From what I found while polishing gfortran support for these, there are
only 5_intrinsics that have this kind of problem:

-- INDEX: allowed as actual arg in F95 and F2003, in F95 its specific
version isn't allowed a BACK argument; in F2003 it has a second optional
arg, KIND, and nothing is said about these optional args when called as
specific.

-- CHAR: not allowed in F95, allowed in F2003, and nothing is said in
F2003 about its optional KIND argument when called as specific.

-- AINT, ANINT and NINT: allowed in both F95 and F2003, in F95 the
specific version isn't allowed to be called with a KIND arg, while in
F2003 nothing is said.


What I'd suggest is for the Standard Committee[1] to use in the next
standard version a list of "specific names for intrinsic functions" that
includes the arguments, like F95 did. It's really clearer.

In the meantime, I think the best thing for consistency is to consider
that the specific versions of INDEX, CHAR, AINT, ANINT and NINT should
not be called with any of the optional arguments of their generic
version. Does that seem OK to everyone? And is there a way to get an
official position about this problem?

[1] or whatever it's called

--
FX
Walter Spector

2006-10-02, 7:03 pm

FX wrote:
>
>
> I asked this question because, while debugging and polishing the way
> gfortran treats intrinsics use as actual arguments, I encountered this
> problem and could not figure out how it is supposed to work.

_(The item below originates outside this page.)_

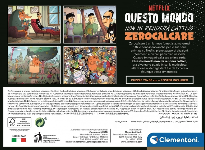 Fedezze fel a prémium puzzle-t a népszerű Netflix-sorozat, az Ez a világ nem fog legyőzni (Zerocalcare II) egyedi grafikájával. A minőségi nyomtatásnak és élénk színeknek köszönhetően minden perc kirakás élmény, a kész kép pedig keretben is remekül mutat.

Well, I've now tried tests with Salford (version 4.60 - which is old),
ifort 9.something, and SGI IRIX f90 (v7.4.4m). Consider the following:

program specifics
implicit none

intrinsic :: index
print *, index ("foobarfoobar", "bar", .true.)
call foo(index)

contains

subroutine foo (a)

interface
integer function a (str1, str2)
character(*), intent(in) :: str1, str2
end function
end interface

print *, a ("foobarfoobar", "bar")

end subroutine

end program

As previously noted, I could not get either g95 nor gfortran to compile
this. However Salford, ifort, and IRIX all do. When run, the program
prints the expected "10" and "4" on all three of the latter. So clearly
both g95 and gfortran have bugs here.

Interestingly, if I specify an "optional" BACK dummy arg in the interface
block, all three compile the code. This, I would think, is an extension
to F95 - since it extends on the stated arg lists in §13.13. Both ifort
and IRIX again print "10" and "4". However Salford prints "10" and "0".
So Salford failed to either diagnose the problem, or support the extension.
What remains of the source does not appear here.